I laughed out loud. It seemed a ludicrous idea. I had just returned from climbing Mt. Kenya and Kilimanjaro and didn’t think I had anything at all worth saying at that public a level. I found writing a school paper difficult and couldn’t imagine trying to write a book. Over the next five years, however, the idea was presented at least 10 more times, and when Harold Kushner, author of When Bad Things Happen to Good People, told me that mine was a story that needed to be told, I couldn’t say no” any longer. The Universe pretty much demanded that To the Summit be written. My job was to walk through the doors that appeared, already open, before me and do the footwork one word at a time.
I couldn’t have done it any other way. I knew how to write a master’s thesis but I had no idea how to bring life to my story. My initial thought was to find a successful ghost writer to do the book but when I took the question into my heart, the answer was my best male friend, Ray Bruce, who was just beginning to call himself a writer. There was no logic to that answer – Ray had never written a book either – but I have learned to listen to my heart in the last 11 years, and because I did and asked Ray to write the book with me, it is the book I imagined it could be. The process of writing the book was filled with hard work, joy, tears, hard work, confrontation, love, hard work, qustioning, hope, hard work, doubts and, finally, immense pride and satisfaction. It was a lesson in communication and compromise, an affirmation of how the work of two people together can be much more than the sum of the work of each individul, and a validation of the strength of the friendship between Ray and myself. His skill as a writer blossomed into what we both knew it could be, and I discovered that I could put words together that touched people in a way I could not have imagined. I have not written a book on my own so I cannot compare the two. I am sure that each has its own merits as well as difficulties. I know that I could not have written this book by myself and am enormously grateful that Ray undertook the project with me.

Terrifying and satisfying at the same time. Because the book is so much the story of my heart, the risk of going public at this level is a big one and brings with it the fear inherent in big risks. At the same time, this book was the second biggest dream of my life – the first was to stand on top of Mt. Everest – and to have that dream come to fruition fills my heart more than I can say. It’s like life: filled with seemingly diverse emotions which combine to form a previously unexperienced wholeness. I admit to believing there’s a pretty good size miracle at work here!
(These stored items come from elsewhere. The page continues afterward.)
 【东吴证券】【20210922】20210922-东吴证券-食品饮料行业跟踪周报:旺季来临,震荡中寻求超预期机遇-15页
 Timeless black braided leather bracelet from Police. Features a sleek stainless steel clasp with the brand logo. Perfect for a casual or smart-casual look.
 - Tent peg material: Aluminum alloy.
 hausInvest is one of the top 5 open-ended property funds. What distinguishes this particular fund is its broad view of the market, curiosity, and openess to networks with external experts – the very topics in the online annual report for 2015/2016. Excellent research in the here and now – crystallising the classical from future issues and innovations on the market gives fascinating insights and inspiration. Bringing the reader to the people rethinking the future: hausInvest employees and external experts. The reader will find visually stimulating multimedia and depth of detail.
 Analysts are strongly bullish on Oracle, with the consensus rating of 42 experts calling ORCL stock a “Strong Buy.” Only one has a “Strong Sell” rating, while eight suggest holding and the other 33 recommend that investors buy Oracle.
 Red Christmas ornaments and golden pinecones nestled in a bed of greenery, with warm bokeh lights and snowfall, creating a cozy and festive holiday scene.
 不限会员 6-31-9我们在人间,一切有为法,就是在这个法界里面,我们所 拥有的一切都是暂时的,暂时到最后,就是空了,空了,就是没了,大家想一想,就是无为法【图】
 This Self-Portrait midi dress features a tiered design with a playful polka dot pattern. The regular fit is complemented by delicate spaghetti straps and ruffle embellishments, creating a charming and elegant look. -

In the months between August, 1993 and February, 1994, I transcribed all of my journals and gave them to Ray – a total of nearly 2500 typewritten pages. He read them several times, I reread them and we began the process of creating an outline for the book. Some of the choices were easy: there are pieces of the book that were so important to my life that they could not be ignored. Some stories were eliminated because they involved other people in ways that were not appropriate to disclose. I was not willing to disguise or alter the truth and chose, instead, to exclude certain stories. The major criteria was whether or not a certain story added to the understanding of the heart of a character or a climb or a process. This book is about climbing but also about heart and soul. We didn’t want to simply tell a story, we wanted to communicate the color and feel and sound and feeling of the mountain, the climbers and me. It would have been easy to write a book twice as long as this one, and the editing out of certain pieces was a painful process for me. Occasionally Ray and I had different opinions about what to include and why, and there were not a few heated discussions around what stayed in and what was deleted. On the whole, however, we agreed on what we would include because we had the same vision of what the book was to be. The decisions were made from the heart.
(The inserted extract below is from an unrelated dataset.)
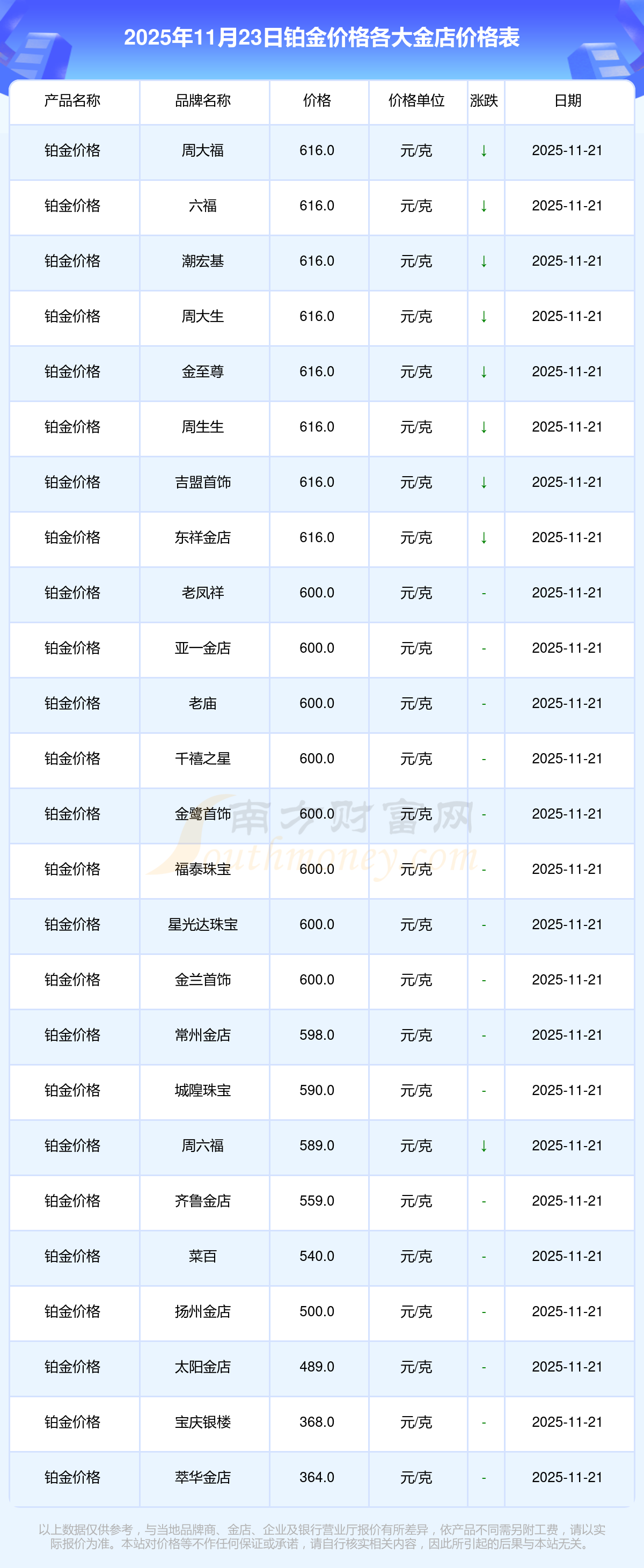 现在铂金价格多少钱一克_2025年11月23日各金店铂金价格表最新,一起来看看吧!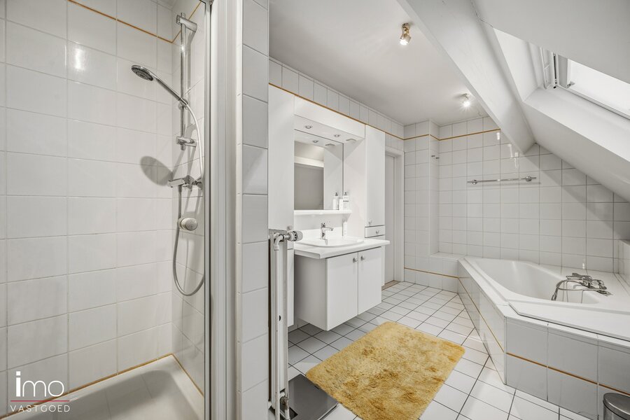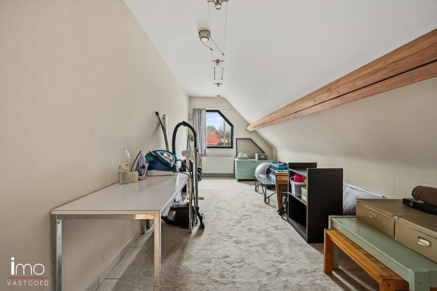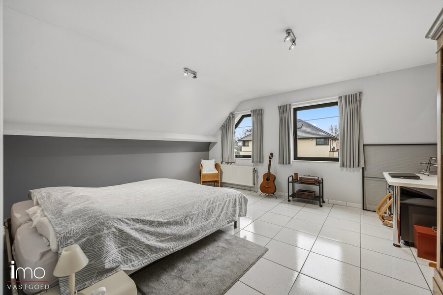 De eerste verdieping omvat vier volwaardige slaapkamers, waarvan één kamer ensuite momenteel ingericht is als dressing. Daarnaast beschikt deze verdieping over een badkamer en een bijzonder ruime overloop. Deze open ruimte leent zich perfect tot het creëren van een bureauruimte, speelhoek of extra polyvalente zone.

Part of my path since I have been in recovery has been to openly share about my journey. Rather than coming from a place of shame about my history of addiction and self-abuse, I come from a place of pride and gratitude for my recovery. I have watched people be touched by that and find some hope that they, too, could let go of the shame and find their pride. Certainly the scale is much wider here, and includes a majority of people who are not in recovery but I believe that my story can touch people and facilitate their discovery of their own dreams. That belief and the belief in my own recovery take away much of the fear and embarassment that might have been overwhelming in the intimacy of this book.